Not by propaganda alone but by bread and butter campaigns

Steve Silver, the editor of the anti-fascist magazine Searchlight, gave his views on successful anti-fascist campaigning in a recent issue of Red Pepper (issue 120, June 2004). We reproduce an extract here:

Once the elections are over we will need to continue organising in a serious and systematic manner if we are really going to drive the BNP back on to the margins of society. The only way to deal the party a fundamental defeat is by destroying their bases in our localities.

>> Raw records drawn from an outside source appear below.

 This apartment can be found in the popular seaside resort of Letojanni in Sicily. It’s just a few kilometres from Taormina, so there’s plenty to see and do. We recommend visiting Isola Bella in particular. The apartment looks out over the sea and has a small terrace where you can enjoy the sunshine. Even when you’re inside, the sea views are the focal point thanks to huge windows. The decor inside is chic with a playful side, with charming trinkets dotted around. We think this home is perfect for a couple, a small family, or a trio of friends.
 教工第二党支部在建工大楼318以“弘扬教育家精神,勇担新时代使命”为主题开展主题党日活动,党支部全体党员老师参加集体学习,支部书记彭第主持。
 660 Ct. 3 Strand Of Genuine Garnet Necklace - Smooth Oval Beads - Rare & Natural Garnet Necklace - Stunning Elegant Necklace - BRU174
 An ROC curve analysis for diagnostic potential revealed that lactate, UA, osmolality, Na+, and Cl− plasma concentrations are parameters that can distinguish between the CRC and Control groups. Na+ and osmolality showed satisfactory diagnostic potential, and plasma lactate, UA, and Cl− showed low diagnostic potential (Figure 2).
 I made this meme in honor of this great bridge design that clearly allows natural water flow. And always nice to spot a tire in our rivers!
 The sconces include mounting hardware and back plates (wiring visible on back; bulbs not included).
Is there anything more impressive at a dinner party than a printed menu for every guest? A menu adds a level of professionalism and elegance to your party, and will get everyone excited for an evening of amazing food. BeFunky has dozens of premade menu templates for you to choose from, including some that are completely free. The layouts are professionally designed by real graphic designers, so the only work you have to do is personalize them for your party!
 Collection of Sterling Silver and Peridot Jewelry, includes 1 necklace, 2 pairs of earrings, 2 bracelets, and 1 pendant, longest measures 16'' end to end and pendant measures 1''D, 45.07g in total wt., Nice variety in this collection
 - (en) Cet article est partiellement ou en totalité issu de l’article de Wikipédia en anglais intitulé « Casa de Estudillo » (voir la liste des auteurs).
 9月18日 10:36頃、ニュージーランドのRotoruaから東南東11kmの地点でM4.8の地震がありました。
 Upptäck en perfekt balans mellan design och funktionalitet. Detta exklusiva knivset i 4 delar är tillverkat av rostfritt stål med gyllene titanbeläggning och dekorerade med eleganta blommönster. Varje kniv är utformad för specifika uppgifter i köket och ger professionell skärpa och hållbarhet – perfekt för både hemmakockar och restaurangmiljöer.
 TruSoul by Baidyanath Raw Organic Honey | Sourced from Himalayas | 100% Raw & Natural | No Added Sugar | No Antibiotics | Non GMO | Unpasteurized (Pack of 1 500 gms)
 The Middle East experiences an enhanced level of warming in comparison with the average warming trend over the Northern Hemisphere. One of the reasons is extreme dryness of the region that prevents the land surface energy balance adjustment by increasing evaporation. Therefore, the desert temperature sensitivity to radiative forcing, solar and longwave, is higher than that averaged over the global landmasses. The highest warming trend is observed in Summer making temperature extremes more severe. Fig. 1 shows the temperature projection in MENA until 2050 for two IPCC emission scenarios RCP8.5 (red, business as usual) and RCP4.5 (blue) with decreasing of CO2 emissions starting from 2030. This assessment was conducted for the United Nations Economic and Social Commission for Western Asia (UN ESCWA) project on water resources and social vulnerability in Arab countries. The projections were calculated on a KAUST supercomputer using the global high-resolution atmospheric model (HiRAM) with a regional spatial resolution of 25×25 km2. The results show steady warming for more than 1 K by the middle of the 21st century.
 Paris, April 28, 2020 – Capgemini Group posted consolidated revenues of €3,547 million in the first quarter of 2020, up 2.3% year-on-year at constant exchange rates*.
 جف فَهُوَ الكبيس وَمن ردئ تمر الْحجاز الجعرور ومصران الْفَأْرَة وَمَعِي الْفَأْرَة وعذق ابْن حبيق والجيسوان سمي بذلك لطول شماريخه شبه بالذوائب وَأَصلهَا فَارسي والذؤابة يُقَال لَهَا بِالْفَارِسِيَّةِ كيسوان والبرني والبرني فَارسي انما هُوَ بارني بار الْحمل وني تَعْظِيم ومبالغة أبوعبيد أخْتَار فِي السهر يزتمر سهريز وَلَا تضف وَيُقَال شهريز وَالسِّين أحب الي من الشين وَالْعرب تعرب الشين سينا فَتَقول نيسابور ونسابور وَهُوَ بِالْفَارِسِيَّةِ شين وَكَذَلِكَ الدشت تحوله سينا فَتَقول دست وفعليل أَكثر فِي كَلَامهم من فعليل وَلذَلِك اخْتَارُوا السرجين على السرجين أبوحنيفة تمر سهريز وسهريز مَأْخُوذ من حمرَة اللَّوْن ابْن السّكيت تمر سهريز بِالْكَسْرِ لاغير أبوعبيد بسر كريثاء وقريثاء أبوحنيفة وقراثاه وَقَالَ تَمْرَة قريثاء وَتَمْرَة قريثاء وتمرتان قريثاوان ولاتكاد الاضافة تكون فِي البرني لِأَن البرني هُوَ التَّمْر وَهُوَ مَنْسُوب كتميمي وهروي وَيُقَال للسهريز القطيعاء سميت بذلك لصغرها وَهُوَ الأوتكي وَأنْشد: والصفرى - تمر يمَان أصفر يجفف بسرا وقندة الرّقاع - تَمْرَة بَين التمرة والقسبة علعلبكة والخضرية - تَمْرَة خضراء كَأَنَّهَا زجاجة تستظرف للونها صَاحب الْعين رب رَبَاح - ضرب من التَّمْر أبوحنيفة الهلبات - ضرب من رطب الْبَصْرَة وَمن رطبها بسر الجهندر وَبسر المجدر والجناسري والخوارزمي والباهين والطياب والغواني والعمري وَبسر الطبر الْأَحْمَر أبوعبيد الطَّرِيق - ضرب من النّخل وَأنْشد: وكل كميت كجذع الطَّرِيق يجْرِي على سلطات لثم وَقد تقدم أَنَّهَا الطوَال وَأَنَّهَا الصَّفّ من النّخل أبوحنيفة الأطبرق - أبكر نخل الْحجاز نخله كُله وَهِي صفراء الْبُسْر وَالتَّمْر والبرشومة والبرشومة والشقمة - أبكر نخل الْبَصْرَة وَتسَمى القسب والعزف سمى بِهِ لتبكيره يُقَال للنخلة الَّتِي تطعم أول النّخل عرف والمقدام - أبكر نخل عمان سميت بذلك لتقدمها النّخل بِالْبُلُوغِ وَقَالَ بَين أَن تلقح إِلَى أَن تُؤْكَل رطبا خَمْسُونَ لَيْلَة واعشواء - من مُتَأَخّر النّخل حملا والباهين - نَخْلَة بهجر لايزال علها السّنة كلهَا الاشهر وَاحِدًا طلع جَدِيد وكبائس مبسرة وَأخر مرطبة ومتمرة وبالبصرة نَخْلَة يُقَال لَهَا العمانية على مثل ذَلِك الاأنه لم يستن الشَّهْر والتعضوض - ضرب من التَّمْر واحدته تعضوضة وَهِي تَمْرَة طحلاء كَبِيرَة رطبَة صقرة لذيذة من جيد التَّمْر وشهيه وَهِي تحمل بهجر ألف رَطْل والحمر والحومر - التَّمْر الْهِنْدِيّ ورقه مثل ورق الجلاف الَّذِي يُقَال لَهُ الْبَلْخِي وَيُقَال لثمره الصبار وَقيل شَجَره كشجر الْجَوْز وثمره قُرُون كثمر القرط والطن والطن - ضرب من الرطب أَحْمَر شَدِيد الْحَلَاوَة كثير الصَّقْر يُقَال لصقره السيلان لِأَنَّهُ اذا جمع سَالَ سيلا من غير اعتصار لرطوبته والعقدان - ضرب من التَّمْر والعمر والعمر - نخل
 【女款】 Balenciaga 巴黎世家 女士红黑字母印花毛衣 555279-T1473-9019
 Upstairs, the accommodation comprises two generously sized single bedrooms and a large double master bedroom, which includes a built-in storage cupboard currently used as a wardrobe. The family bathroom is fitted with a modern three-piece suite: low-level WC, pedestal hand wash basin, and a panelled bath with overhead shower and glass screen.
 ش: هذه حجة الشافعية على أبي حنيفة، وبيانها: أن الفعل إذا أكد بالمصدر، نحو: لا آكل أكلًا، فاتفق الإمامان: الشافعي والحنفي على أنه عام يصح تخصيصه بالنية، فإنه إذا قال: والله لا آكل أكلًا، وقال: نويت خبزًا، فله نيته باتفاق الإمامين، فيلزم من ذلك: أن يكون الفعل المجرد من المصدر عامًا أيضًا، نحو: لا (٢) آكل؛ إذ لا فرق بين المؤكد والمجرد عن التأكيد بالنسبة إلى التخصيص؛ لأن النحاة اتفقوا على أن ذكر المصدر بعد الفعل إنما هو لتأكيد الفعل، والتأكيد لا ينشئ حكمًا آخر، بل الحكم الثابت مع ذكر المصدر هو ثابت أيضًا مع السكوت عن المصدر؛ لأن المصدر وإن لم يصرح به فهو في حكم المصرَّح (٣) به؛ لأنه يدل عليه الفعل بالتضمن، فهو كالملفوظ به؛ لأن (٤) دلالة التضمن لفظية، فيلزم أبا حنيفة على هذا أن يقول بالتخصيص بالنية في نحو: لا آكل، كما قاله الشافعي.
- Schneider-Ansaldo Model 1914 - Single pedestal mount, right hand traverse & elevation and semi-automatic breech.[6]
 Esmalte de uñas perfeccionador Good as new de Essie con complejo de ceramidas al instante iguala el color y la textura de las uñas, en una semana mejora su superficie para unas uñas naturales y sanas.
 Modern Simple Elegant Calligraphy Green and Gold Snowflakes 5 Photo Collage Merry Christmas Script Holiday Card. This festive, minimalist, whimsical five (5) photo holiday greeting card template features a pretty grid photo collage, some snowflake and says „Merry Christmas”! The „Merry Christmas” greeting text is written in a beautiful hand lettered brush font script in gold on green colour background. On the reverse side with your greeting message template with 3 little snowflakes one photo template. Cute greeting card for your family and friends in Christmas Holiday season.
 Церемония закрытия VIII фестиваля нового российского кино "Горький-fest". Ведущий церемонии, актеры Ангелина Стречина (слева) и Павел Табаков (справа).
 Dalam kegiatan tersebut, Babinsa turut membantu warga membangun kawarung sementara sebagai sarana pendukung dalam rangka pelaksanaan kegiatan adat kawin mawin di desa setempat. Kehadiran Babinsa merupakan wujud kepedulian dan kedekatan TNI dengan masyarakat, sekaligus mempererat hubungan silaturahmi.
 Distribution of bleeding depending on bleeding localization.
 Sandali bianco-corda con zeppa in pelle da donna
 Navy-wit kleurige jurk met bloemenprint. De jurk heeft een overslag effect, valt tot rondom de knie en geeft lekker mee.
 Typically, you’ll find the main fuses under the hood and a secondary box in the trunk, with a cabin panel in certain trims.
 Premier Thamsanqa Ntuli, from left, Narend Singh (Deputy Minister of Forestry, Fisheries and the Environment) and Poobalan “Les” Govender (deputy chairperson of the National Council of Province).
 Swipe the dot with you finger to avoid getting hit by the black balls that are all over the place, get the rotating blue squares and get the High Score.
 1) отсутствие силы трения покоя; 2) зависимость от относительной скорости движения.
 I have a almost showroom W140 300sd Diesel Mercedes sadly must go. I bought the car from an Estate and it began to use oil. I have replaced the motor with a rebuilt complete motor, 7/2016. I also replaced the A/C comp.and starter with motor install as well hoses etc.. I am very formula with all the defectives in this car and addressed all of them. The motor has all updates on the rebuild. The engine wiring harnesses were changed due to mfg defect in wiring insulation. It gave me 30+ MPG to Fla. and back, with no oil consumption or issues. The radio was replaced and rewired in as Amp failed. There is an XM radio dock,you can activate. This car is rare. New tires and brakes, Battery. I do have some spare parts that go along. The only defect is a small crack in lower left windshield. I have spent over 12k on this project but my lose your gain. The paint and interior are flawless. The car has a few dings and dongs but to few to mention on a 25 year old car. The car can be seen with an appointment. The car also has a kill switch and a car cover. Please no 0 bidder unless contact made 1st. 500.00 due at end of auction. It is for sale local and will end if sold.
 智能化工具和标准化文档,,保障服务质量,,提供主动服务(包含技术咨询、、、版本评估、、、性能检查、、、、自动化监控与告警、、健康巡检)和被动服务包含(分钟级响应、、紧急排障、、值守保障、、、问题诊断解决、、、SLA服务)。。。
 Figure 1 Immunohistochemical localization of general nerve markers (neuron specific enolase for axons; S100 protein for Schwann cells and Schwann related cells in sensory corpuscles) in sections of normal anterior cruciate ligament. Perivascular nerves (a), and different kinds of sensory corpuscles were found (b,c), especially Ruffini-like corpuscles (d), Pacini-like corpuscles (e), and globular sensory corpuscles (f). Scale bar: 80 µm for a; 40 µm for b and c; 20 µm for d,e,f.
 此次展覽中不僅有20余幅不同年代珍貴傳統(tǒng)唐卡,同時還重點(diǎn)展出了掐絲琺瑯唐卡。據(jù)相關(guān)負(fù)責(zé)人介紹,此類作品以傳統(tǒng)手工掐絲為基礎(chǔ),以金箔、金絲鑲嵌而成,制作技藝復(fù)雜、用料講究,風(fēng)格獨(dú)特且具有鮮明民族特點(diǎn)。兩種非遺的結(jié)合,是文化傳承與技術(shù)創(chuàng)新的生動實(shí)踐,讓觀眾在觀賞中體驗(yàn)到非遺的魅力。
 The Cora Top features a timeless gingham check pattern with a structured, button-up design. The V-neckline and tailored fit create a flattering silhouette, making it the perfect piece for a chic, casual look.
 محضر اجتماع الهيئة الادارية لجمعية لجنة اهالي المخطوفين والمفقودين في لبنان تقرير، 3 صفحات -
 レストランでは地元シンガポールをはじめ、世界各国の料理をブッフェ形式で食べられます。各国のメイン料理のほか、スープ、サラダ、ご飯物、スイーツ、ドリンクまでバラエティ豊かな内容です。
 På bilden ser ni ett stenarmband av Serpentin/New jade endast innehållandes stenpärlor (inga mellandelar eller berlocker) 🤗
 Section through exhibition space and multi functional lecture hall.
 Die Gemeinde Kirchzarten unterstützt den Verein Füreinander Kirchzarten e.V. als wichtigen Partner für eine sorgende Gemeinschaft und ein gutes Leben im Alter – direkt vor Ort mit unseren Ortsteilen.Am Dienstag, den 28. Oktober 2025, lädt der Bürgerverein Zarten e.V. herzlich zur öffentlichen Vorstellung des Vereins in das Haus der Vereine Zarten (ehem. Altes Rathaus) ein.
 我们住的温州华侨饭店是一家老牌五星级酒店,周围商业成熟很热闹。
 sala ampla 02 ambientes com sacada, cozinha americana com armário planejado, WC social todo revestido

This doesn’t mean we need to produce an endless stream of anti-BNP leaflets. What is needed is work that shows the institutions of the anti-fascists — trade unions, democratic political parties, religious and civic bodies — have better answers to the concerns of ordinary people than the fascists, and that they are serious and relevant organisations.
This will need to be done not by propaganda alone but by painstaking day-to-day work on bread and butter issues — the very issues that the BNP exploits. These issues will change with the locality; it seems self-evident that only local people can determine what matters to them most — whether it is the closure of a hospital or library, or a hike in council tax. In some places, such as Oldham and Bradford, trades councils will be able play a leading role in this work. In other places different organisations are better placed.